» What is being asked
Omit the pictures, then reproduce exactly the line bearing "Cesare Viazzi (1857" and every line after it up to and including the last line of the entries below.

-- Opening Marker --

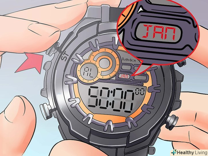 Встановіть місяць. Натисніть і відпустіть «ST / STOP"; повинна відобразитися дата і автоматично почне блимати індикатор Місяця. Натисніть кнопку "ADJUST", щоб встановити правильний місяць.- У деяких моделях індикатор дати починає блимати раніше індикатора Місяця. Встановіть дату за таким же принципом (натискаючи кнопку "ADJUST"»
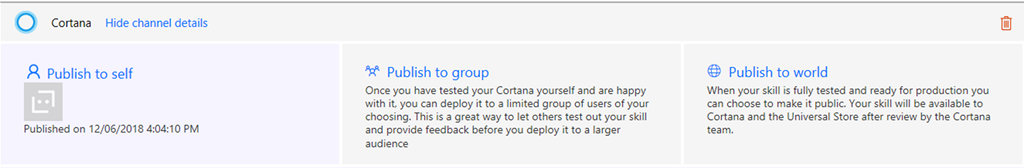 On the channel settings there’s also a manage button which takes you to the Cortana Skills site (https://www.knowledge.store). If it’s your first time here, you’ll be given a walkthrough and prompted to create your first organization/botlet. You can skip this and go straight to your workspace which at this point should contain your bot framework bot. From the workspace area you can manage your existing Cortana Skills and even create new ones. By selecting the existing bot we created in Azure and navigating to the Publish tab, we can check the details of the skill and even have the option to publish it to a group or the world.
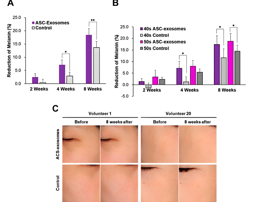 首爾國立大學的《Skin Brightening Efficacy of Exosomes Derived from Human Adipose Tissue-Derived Stem/Stromal Cells: A Prospective,Split-Face,Randomized Placebo-Controlled Study》隨機對照研究證實,脂肪間充質干細胞外泌體(ADSC-Exo)具有亮膚效果。應用4周后,受試者黑色素水平降低,且未觀察到不良反應。
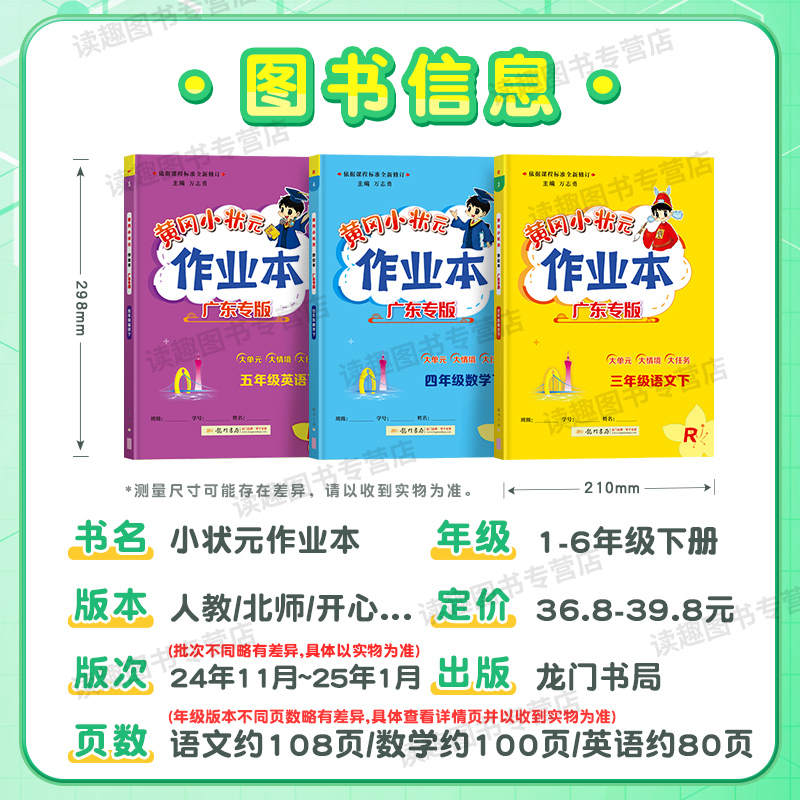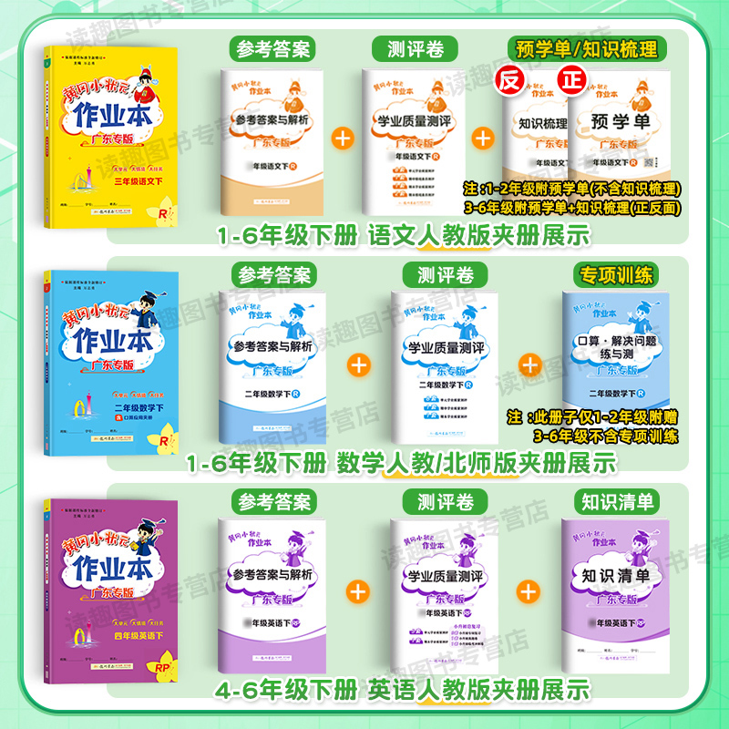 作业本一二三四五六年级上下册语文数学英语人教版 黄冈小状元 小学同步训练练习册深圳沪教黄岗作业课时习题册 2025春新版 广东专版
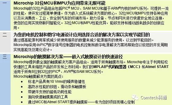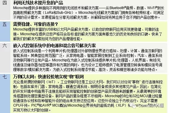 Microchip丰富的“嵌入式解决方案”,这些方案均可智能互连,从而满足人们在新时代中的一切需求。“家居自动化整体解决方案”就是一个很好的例证。该解决方案可以将传感器与家中的所有小型电器相连,为您提供安全、便捷和舒适的生活。此外,我们的智能互连技术还可以进一步延伸,让您可访问和控制诸如物联网(IoT)等其他系统。这些智能嵌入式解决方案背后的先进技术由我们在触摸传感与手势控制、电源转换、安全、电机控制、图形、模拟电源、混合信号与接口、无线连接(Bluetooth®/Wi-Fi®/SubGHz)和有线连接(USB/以太网)等领域的强大实力为后盾。在即将举行的嵌入式解决方案研讨会中,我们会对这些技术进行深入而细致地讨论。另外,我们还将通过家居网关演示套件向您展示我们其他的智能模块联网技术,让Microchip嵌入式解决方案助您实现所需的一切应用。
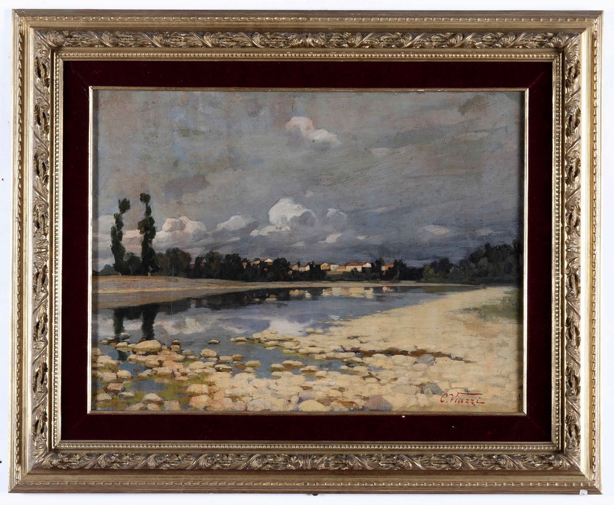 Cesare Viazzi (1857 - 1943) Paese sul fiume, 1885-1889
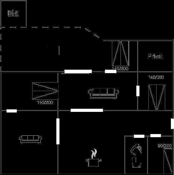 Der er i alt 3 soveværelser. Sovepladserne fordeler sig på: 6 sovepladser i dobbeltsenge. 1 soveplads i enkeltseng. 2 af disse sovepladser befinder sig i stuen. Derudover er der 1 stk. barneseng.

-- Closing Marker --

» Written reply
 Cesare Viazzi (1857 - 1943) Paese sul fiume, 1885-1889
 Der er i alt 3 soveværelser. Sovepladserne fordeler sig på: 6 sovepladser i dobbeltsenge. 1 soveplads i enkeltseng. 2 af disse sovepladser befinder sig i stuen. Derudover er der 1 stk. barneseng.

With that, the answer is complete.